Хорошо быть красавицей, - так нуждается в человеческой красоте земля, идти среди людей и дарить им улыбки, движения, взгляды - такие легкие, такие неожиданно дорогие, хоть и ничего не стоящие себе: кто-нибудь прикованный забудет о своей дороге и пойдет следом; кто-нибудь остановится и будет долго стоять, как божий блаженный, слепой и радостный; кто-нибудь усталый только проводит глазами дароносящую, - и вот он уже снова полюбил жизнь, а дароносящая и не знает об этом и дальше несет то, что ничего не стоит ей и в то же время дороже всего в целой жизни... Хорошо быть красавицей; но не плохо быть и командиром полка, прийти в гости к своему штаб-офицеру и уж от самых дверей быть всех заметнее и всех крупнее, уметь сказать два-три игривых слова пышной женщине в шелковом лиловом платье, перейти затем к другой женщине, жене лесничего, даме крикливой, скупой, желчной, и сказать ей, наклоняясь:
- Ничего в жизни так не люблю, как играть с вами за одним столом! - И, дойдя до молодой супруги престарелого хилого казначея, поговорить с ней подробно о ветчине.
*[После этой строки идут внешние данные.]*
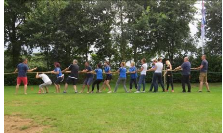
sport en spel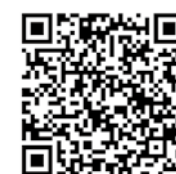
議会ホームページ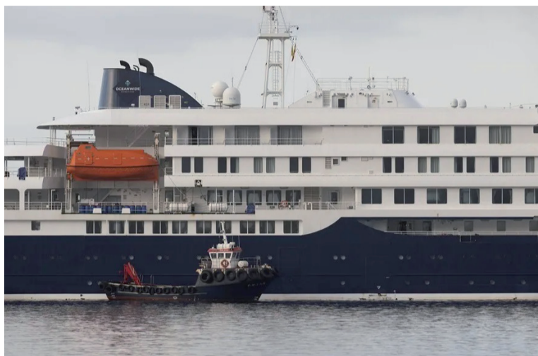
En destino. El crucero neerlandés MV Hondius, en Tenerife.

Pese a la gravedad del episodio, las autoridades sanitarias llamaron a la calma y recordaron que el hantavirus presenta una capacidad de transmisión mucho menor que la del Covid-19, por lo que el riesgo para la población general es considerado bajo. - DIB -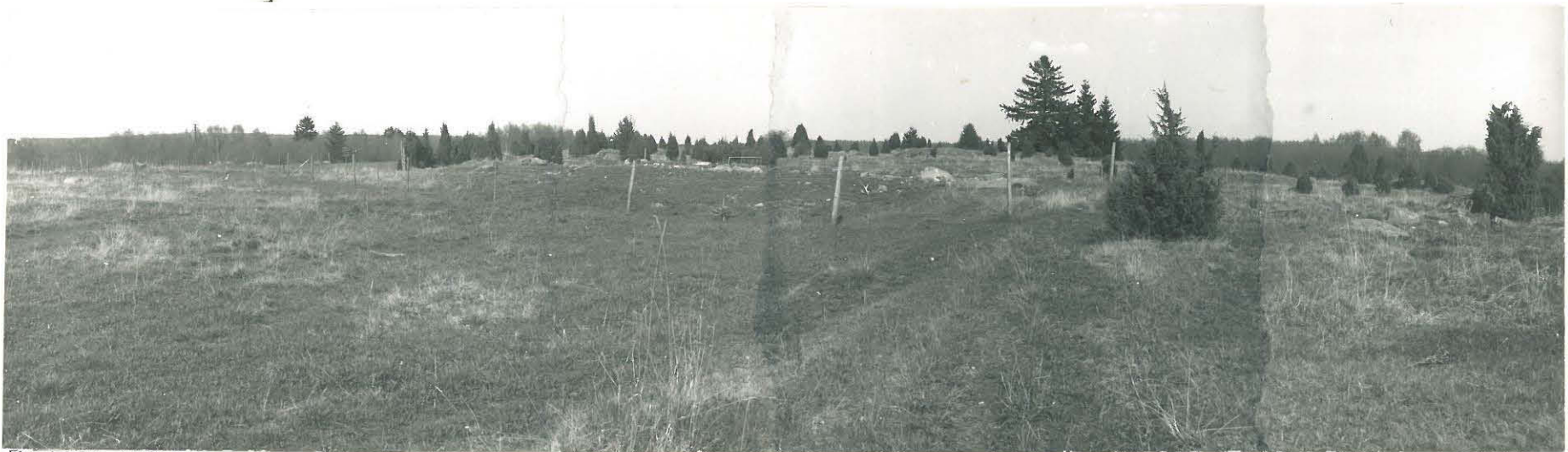
MYLLYMÄEN KUMPARE 152 ENNEN KAIVAUKSEN ALOITTAMISTA V. 1976. KUVA ETELÄSTÄ.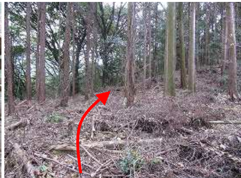
下草が刈られた植林帯を東端に抜ける。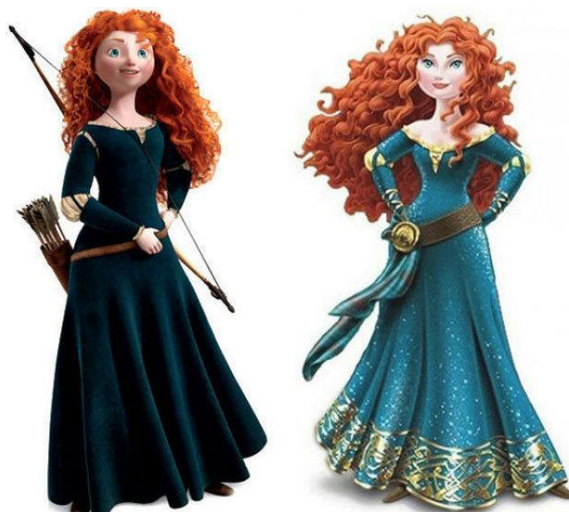
A Mighty Girl, 2013

En cuanto a esto, se recopilaron firmas en la página web change.org para solicitar a Disney que revirtiera los cambios en la imagen de la protagonista Mérida, realizados con el propósito de incluirla en la colección de "Princesas Disney". Es decir, la protagonista en la película tenía una imagen que luego, para incluirla en la colección de "Princesas Disney", fue modificada. Estos cambios difirieron considerablemente de la imagen original creada por su autora. La nueva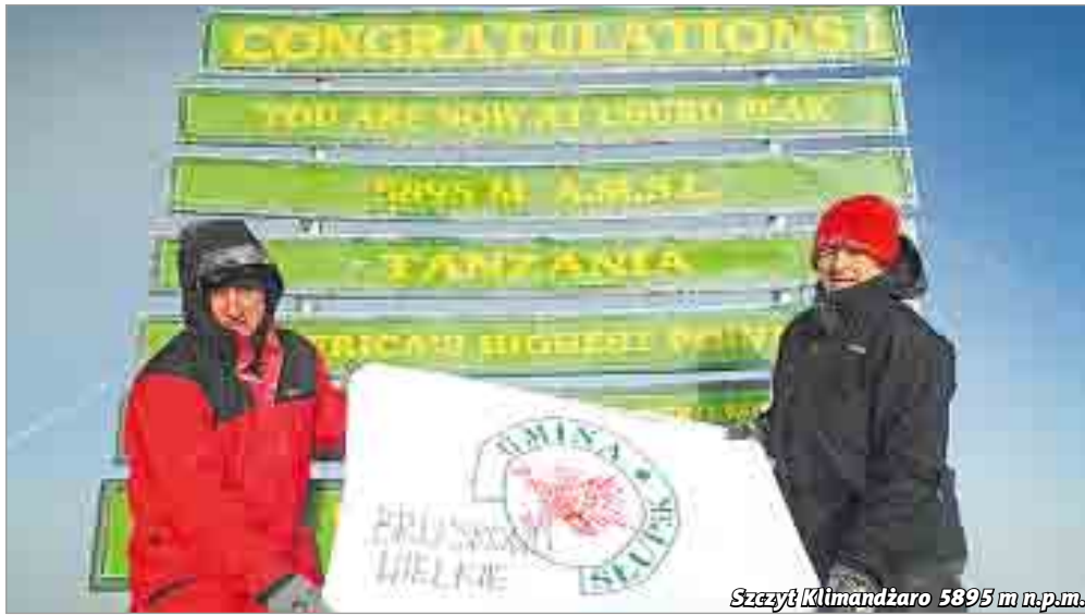
Szczył Kilimandżaro 5895 m n.p.m.

„Za dwadzieścia lat bardziej będziesz żałował tego, czego nie zrobiłeś, niż tego, co zrobiłeś. Więc odwiąż liny, opuść bezpieczną przystań. Złap w żagle pomyślne wiatry. Podróżuj, śnij, odkrywaj”. Mark Twain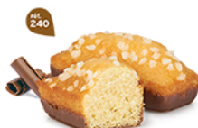
GÉNOIS CHOCOLAIT 30 emballages individuels - 510 g DDM* : 2 mois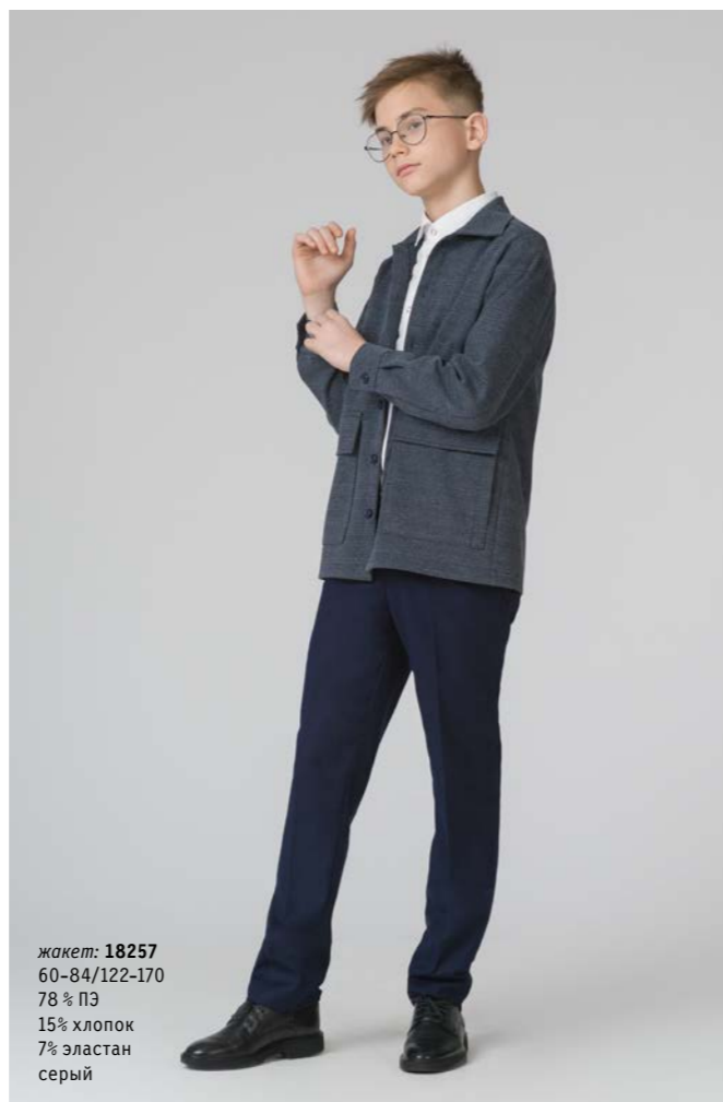
жакет: 18257 60-84/122-170 78% ПЭ 15% хлопок 7% эластан серый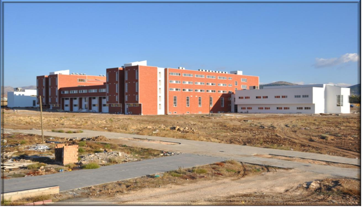
Fen Edebiyat Fakültesi Binası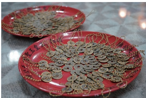
「五行串雙古錢」助財運亨通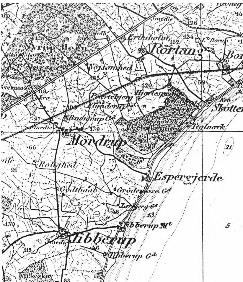
Udsnit af kort fra omkring 1870, hvor landsbyerne Tibberup og Mørdrup samt fiskerlejet Espergærde endnu ligger langt fra hinanden. Kystbanen er endnu ikke anlagt; de rejsende må ty til den gamle Nordbane.

Idag spreder Espergærde sig fra kysten og godt 2

- Ну-ка, хозяйка... Вот мы сейчас у знаем, какая вы хозяйка. Как окорок запекается?
- Как? Вот новость какая!.. Вымочить в воде, а потом... потом в тесто: повалять да в печь.
- Ха-ха-ха... плохая хозяйка! Понятия вы об этом ни малейшего, а окорок запекать - это целое искусство. Хотите, расскажу подробно. Возьмите окорок, подымите ему шкуру - она отстанет, не ножом только, а пальцами, вот этими самыми пальчиками; шкуру содрали, сахарным песком сало присыпьте - сахару не жалейте; присыпали, проколите шкуру опять деревянными гвоздиками, - вот после этого уж в тесто. А в тесто отрубей добавьте, а не из чистой муки. В печке же ему стоять полагается, ну-ка, сколько?
- Час. Или, может быть, меньше... Не знаю.
- То-то - два с половиной часа. Я уж вижу, что вы не знаете. Два с половиной часа для среднего окорока в полпуда. Два с половиной.
И когда молодая женщина, пожимаясь от невнятной тоски, спрашивает:
- А сахар под шкуру зачем? - объяснить ей:
- Это для мягкости вкуса, а как же? Для сладости.
И добавить игриво:
- Вот на такой окорок, ждите не ждите, а уж я к вам в гости приду.
И еще добавить на ухо, но так громко, чтобы всем кругом было слышно:
- А когда у вас маленький будет, приглашайте кумом.
Неторопливый и важный, считался Алпатов крестным отцом до полусотни айнских ребят, и не было в Аинске такой глухой улицы, где бы не копались в пыли то Ваня Брёхов, то Коля Штанов, то Надя Мигунова - все крестники Алпатова.
Сначала был чай, а за чаем, если гость отказывался от варенья, лиловая подполковница делала понимающие большие глаза и говорила с растяжкой:
- Ну, конечно!.. Я так и знала: пьете!
И хотя в Аинске все пили, и не пить было никак нельзя, и не варенье даже сахар к чаю многими признавался лишним, но как сочла нужным она удивиться этому лет двадцать назад, так и теперь все удивлялась.
Алпатов хотя из любезности и говорил, что любит играть со скупой женой лесничего, но уселся за одним столом с о.Герасимом, казначеем и Бузуном и сам предложил преферанс двойного счета с "разбойником", чтобы игра была азартнее и крупнее.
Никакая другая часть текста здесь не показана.